= British Association for Local History =

British Association for Local History logo

The British Association for Local History (BALH) is a membership organisation that exists to promote the advancement of public education through the study of local history and to encourage and assist the study of local history throughout Great Britain as an academic discipline and as a leisure activity.

==Foundation==
BALH was founded and registered as a charity in England and Wales on 30 September 1982 through an initiative by the National Council of Social Services (now the National Council for Voluntary Organisations) to bring together the work of previously separate organisations in the field. It aims to be the national umbrella organisation for the subject and many local history societies and groups are members of BALH, though others remain outside. People with an interest in local history can also join BALH as individual members.

==Activities==
BALH's activities include the publication of the quarterly journal The Local Historian (first published in 1952), a quarterly magazine Local History News, a quarterly e-newsletter, as well as a number of books and pamphlets on the topic.

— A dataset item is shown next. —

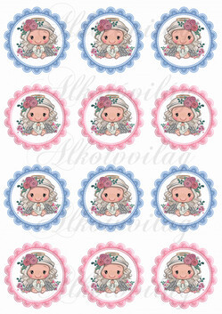 Cuki angyalka rózsás fejdísszel kék és rózsaszín cakkos körökben KICSIBEN

It also organises an annual lecture, national and regional conferences and guided visits to libraries, museums and institutions such as The National Archives and the College of Arms. The Association also coordinates an annual Local History Day.

The British Association for Local History also has an education committee that has been active in lobbying the National Curriculum Council to increase the teaching of local history in schools, as well as in preparing courses and publications for teachers.

==Officers==
The Association's president is Professor Caroline Barron of Royal Holloway, University of London. The announcement of her appointment was made at the Association's Local History Day in June 2016. She succeeded David Hey as President, who died in February 2016.